Vooral deeplearning maakt de laatste jaren furore in de wereld van machinelearning. Bij deeplearning gebruikt het algoritme een groot aantal lagen tussen input en output. De invoerlaag verwerkt de input en stuurt die door naar de volgende laag, die zijn input verwerkt en naar de volgende laag doorstuurt, enzovoort, tot er aan het einde de output uitkomt. Dit grote aantal lagen maakt complexe transformaties mogelijk.

Een prominente gebruiker van deeplearning is Google DeepMind. In 2014 nam Google de start-up DeepMind uit Cambridge over. Begin 2016 kwam het in het nieuws met de overwinning van AlphaGo op de menselijke kampioen in het bordspel go. En het systeem van DeepMind blinkt uit in het spelen van games zoals Space Invaders en Pac Man.

Google DeepMind combineert deeplearning op een convolutioneel neuraal netwerk met het zogenoemde Q-learning om spelletjes te leren spelen zonder dat het hoeft te weten wat de goede zet is: het algoritme krijgt alleen informatie over ‘winst’ of ‘verlies’. Google DeepMind noemt hun techniek deep reinforcement learning.

Google heeft het geld voor de mensen en de computers om op grote schaal machine learning te ontwikkelen

-

Wat heeft Google DeepMind dat anderen niet hebben? “Vooral geld,” zegt Sander Bohte, onderzoeker bij het Amsterdamse CWI (Centrum voor Wiskunde & Informatica). “Wanneer je een industrieel onderzoekslabo hebt waar een paar honderd briljante mensen werken, verkrijg je de resultaten van Google DeepMind. Google heeft het geld om de beste mensen ter wereld aan te nemen en ze hebben geld voor krachtige computerclusters. Zij kunnen dus op een heel andere schaal werken dan universiteiten.”

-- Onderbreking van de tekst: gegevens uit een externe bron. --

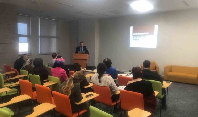 Programın devamında, 'Akademisyen ve Öğrenciyle İletişim' eğitimi, Kullanıcı Hizmetleri Akademik Danışmanı Öğr. Gör. İbrahim Ethem Olukcuoğlu tarafından gerçekleştirildi. Bu bölümde, akademisyen ve öğrenci profilleri, iletişim biçimleri ve kullanıcı karakter analizleri üzerinden kütüphane hizmetlerinin daha etkili sunulmasına yönelik yaklaşımlar paylaşıldı.

Facebook, Microsoft, Apple...

Google is niet de enige die geld investeert in machinelearning. Facebook heeft een Applied Machine Learning-team dat spam herkent, foto’s automatisch tagt en nog heel wat andere slimme taken uitvoert op het sociale netwerk.

In 2015 kocht Microsoft het bedrijf Equivio, dat patronen in grote hoeveelheden e-mails en documenten doorspit. En Apple nam in 2016 de vooraanstaande onderzoeker Ruslan Salakhutdinov aan als hoofd van zijn AI Research team. Ook Amazon, Twitter en Baidu zijn bezig met machinelearning. En dan is er nog IBM, dat met zijn supercomputer Watson belangrijke toepassingen ontwikkelt.

De kunstmatige neurale netwerken die een belangrijke rol spelen in machinelearning zijn losjes geïnspireerd op de neuronen in onze hersenen. Maar ze werken helemaal niet zo efficiënt, zegt Sander Bohte: “Onze hersenen verbruiken zo’n 25 W energie. Een neuraal netwerk op een pc verbruikt al snel 300 W. Dat kunnen we niet in een drone implementeren, want die verbruikt dan te veel energie om lang in de lucht te blijven op zijn batterijlading."

"En als we een neuraal netwerk ter grootte van de hersenen zouden maken, zou dat 5 MW verbruiken. Onze kunstmatige neurale netwerken zijn dus aanzienlijk minder efficiënt dan hun biologische evenknieën.”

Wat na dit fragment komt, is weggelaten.